> EXERCISE PROMPT:
Start with the line that holds "Microbuzul care a". Please copy it and each remaining line below exactly, leaving pictures out.

> STORED DATA:
Content starts
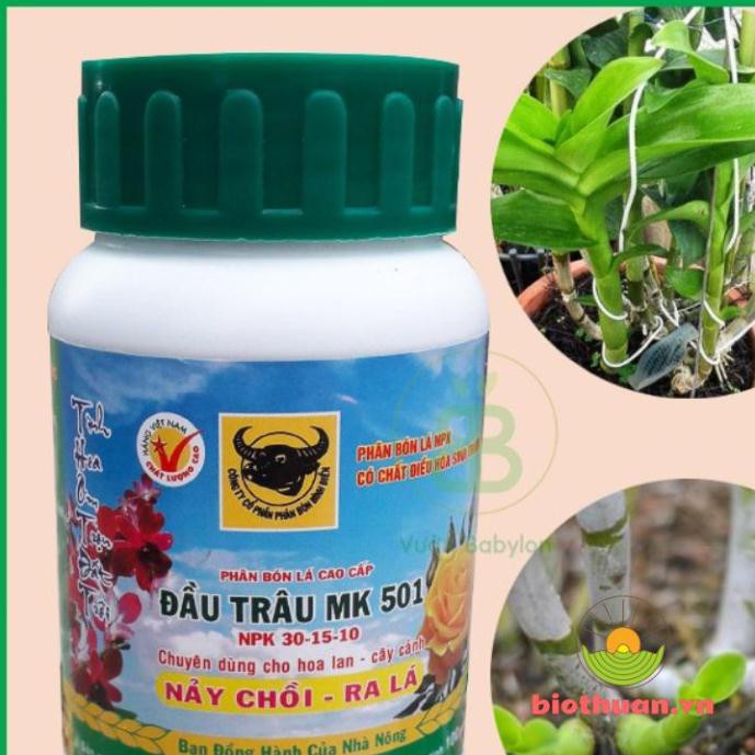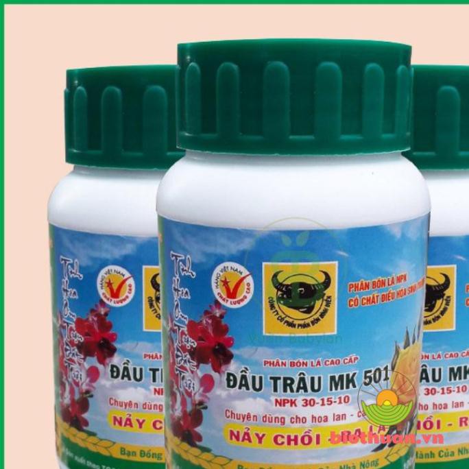 Phân bón đầu trâu 501 phân bón lá phun trực tiếp vào lá và thân cây cung cấp cho cây trồng đạm, khoáng chất giúp hoa lan cây cảnh đâm chồi, nảy lộc nhanh và dễ dàng ra lá. Đâu là một dạng phân NPK tổng hợp cứ trong 100gr có 30gr N, 15gr lân và 10gr kali. Với hàm lượng đạm cao giúp cây trồng ra nhiều lá và quả hơn.
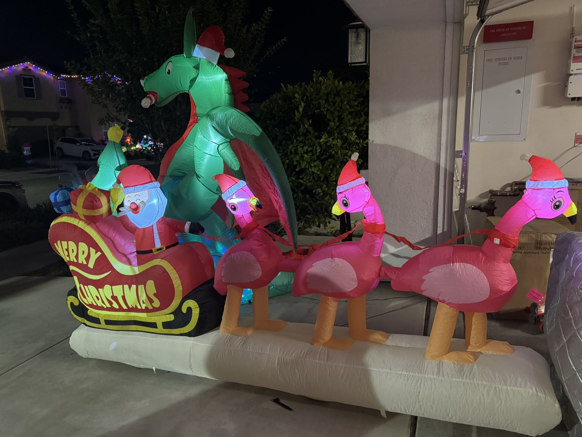 Christmas decor Santa sleign with Flamingo inflatable decor
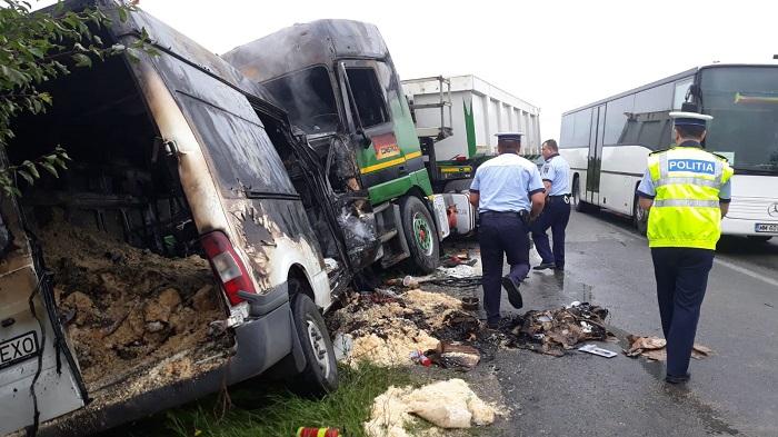Microbuzul care a ars în Maramureş, după ce s-a izbit de un camion, filmat în flăcări. Şoferul a rămas încarcerat, a fost scos din maşină ars (video)
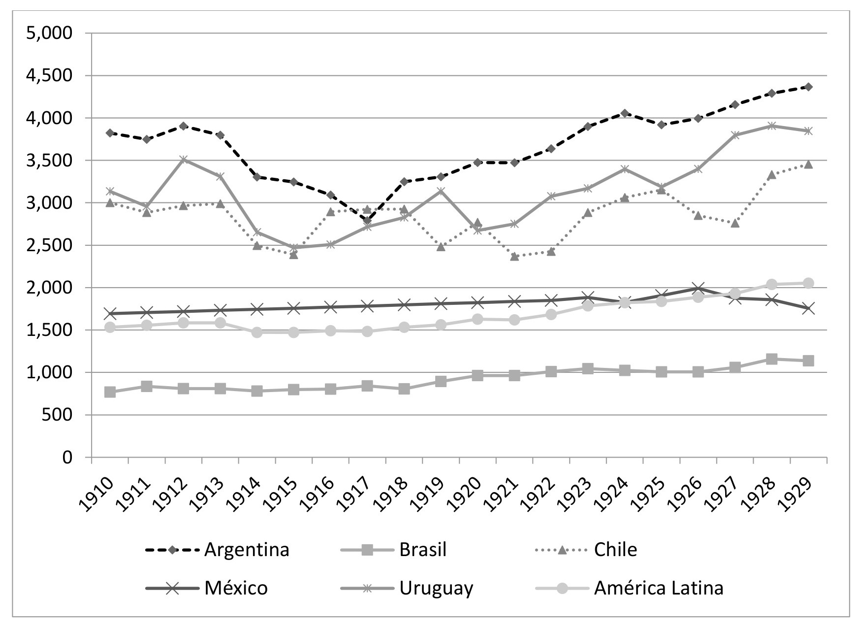 Gráfico 2. Evolución del PBI per cápita de los países de América Latina, 1910-1929. En Us$ de 1990
Content ends
> OUTPUT OF THE EXERCISE:
Microbuzul care a ars în Maramureş, după ce s-a izbit de un camion, filmat în flăcări. Şoferul a rămas încarcerat, a fost scos din maşină ars (video)
 Gráfico 2. Evolución del PBI per cápita de los países de América Latina, 1910-1929. En Us$ de 1990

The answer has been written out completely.